** What you are asked to do **
Your task is to restate word for word the lines in the material below, from the one with "Amiri的黑色棒球帽,采用" up to and including the one with "Продуманный дизайн: акриловая". Do not carry over the pictures.

** Record set **
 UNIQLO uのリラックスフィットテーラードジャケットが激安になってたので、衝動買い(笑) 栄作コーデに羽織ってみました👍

...

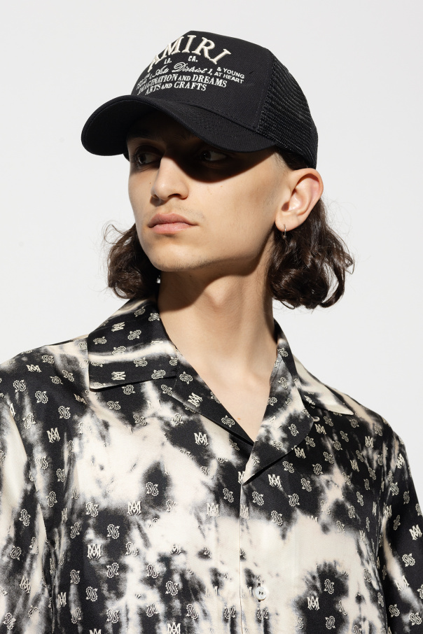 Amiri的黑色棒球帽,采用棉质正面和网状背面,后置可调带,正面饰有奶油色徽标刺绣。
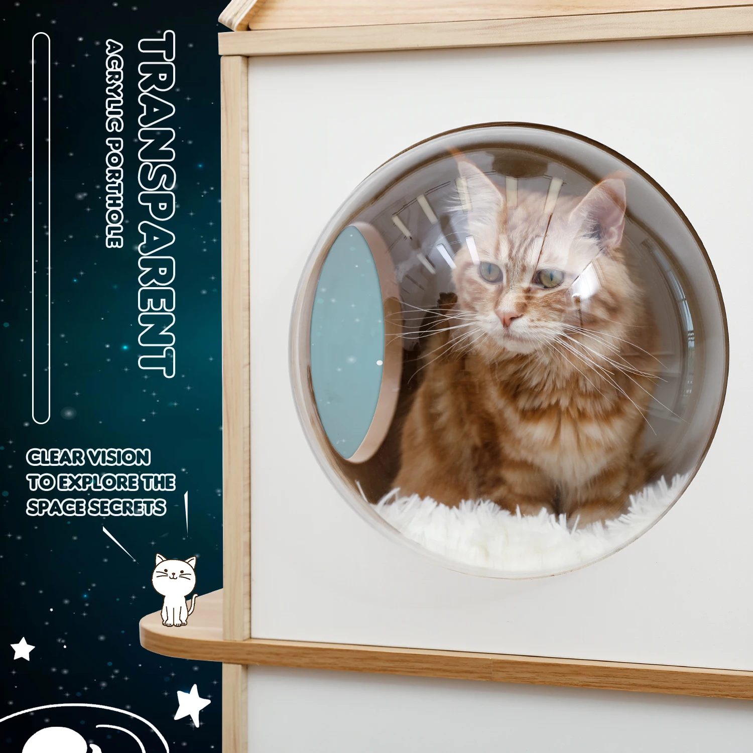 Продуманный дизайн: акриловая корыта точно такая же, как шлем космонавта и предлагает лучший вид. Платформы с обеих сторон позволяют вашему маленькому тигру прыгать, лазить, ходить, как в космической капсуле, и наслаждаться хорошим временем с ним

...

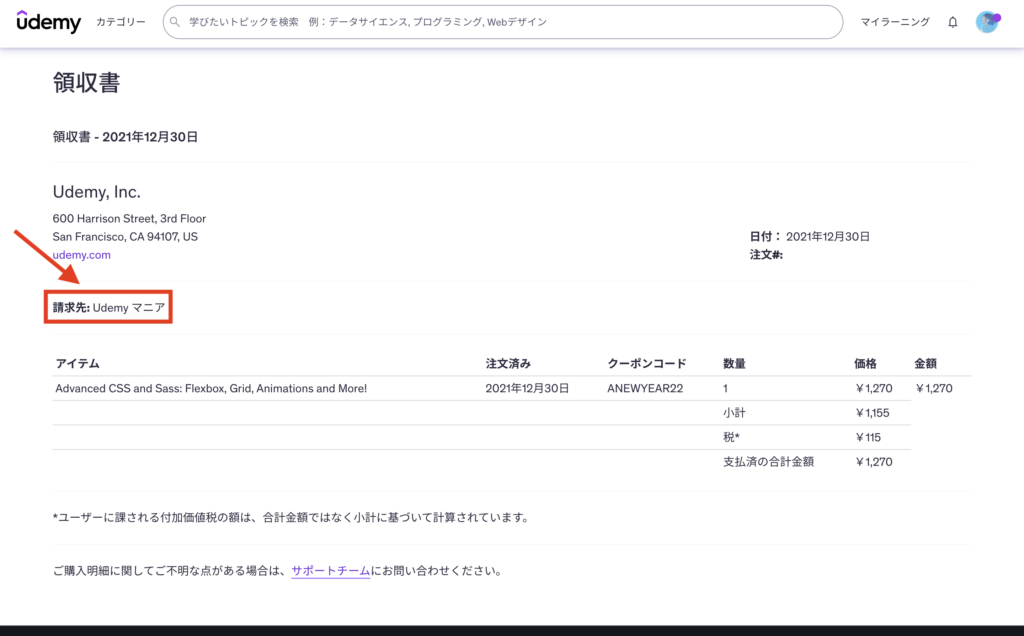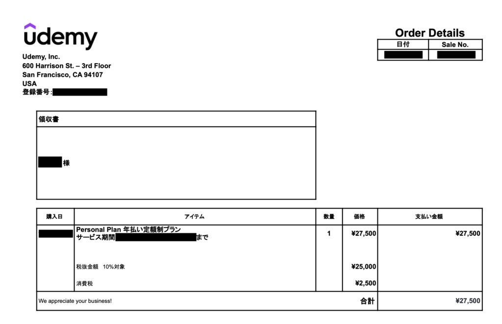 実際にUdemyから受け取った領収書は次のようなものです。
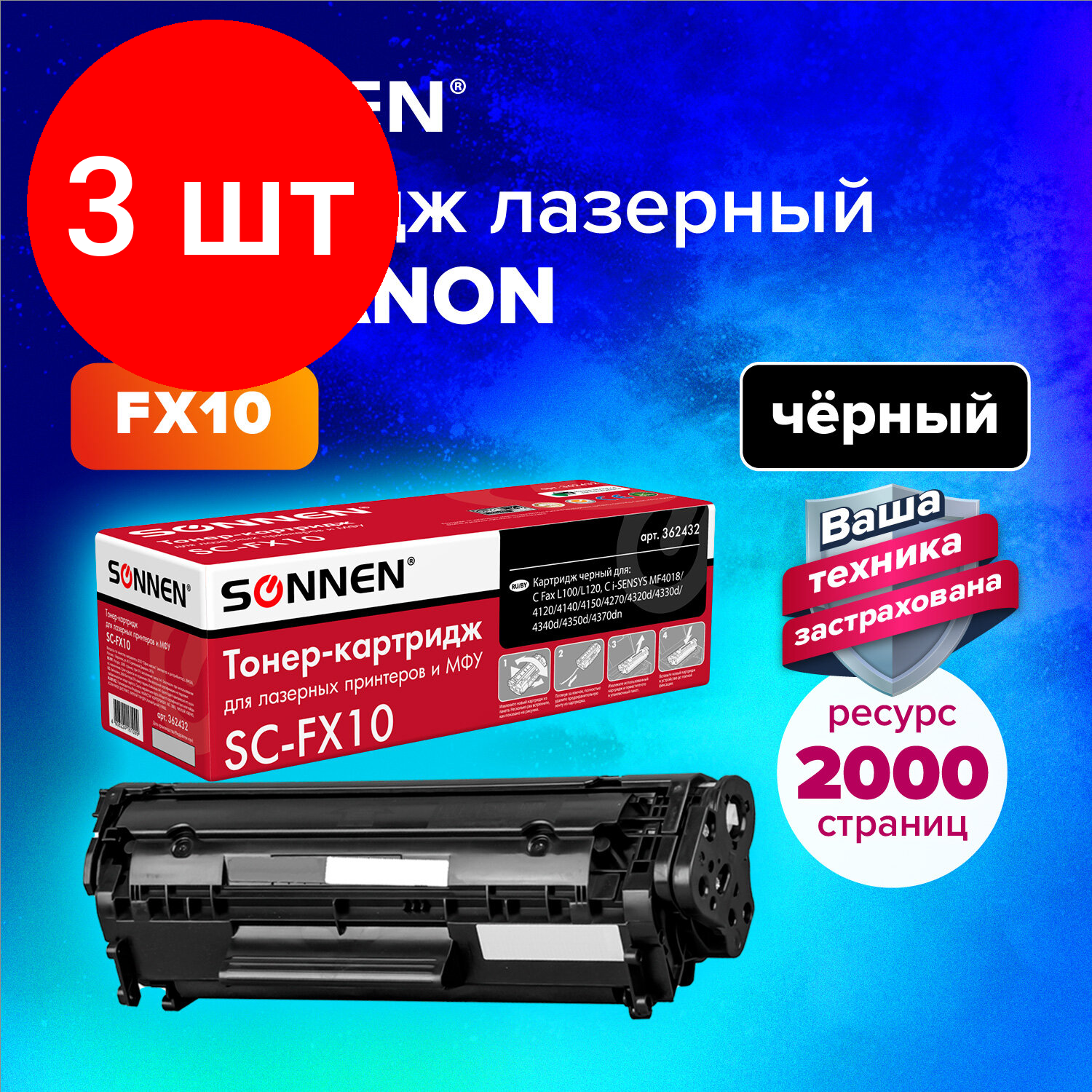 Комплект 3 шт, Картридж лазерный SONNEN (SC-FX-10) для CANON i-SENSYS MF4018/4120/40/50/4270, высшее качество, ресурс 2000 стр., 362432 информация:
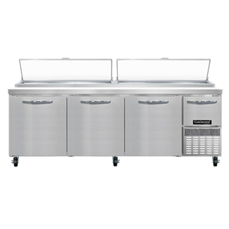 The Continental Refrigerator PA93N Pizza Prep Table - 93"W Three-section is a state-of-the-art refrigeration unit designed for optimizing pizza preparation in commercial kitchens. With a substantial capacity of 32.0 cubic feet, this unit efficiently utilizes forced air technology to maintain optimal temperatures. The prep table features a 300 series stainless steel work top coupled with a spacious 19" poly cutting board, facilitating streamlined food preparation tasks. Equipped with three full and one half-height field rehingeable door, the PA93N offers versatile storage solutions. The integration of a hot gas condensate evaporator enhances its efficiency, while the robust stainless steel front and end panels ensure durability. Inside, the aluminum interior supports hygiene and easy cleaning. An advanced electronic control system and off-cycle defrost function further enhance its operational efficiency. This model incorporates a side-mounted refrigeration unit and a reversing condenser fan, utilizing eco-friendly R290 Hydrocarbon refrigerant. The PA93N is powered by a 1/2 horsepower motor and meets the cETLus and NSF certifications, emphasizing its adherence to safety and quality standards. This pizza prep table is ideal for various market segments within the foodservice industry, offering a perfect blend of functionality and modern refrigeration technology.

** Task response **
 Amiri的黑色棒球帽,采用棉质正面和网状背面,后置可调带,正面饰有奶油色徽标刺绣。
 Продуманный дизайн: акриловая корыта точно такая же, как шлем космонавта и предлагает лучший вид. Платформы с обеих сторон позволяют вашему маленькому тигру прыгать, лазить, ходить, как в космической капсуле, и наслаждаться хорошим временем с ним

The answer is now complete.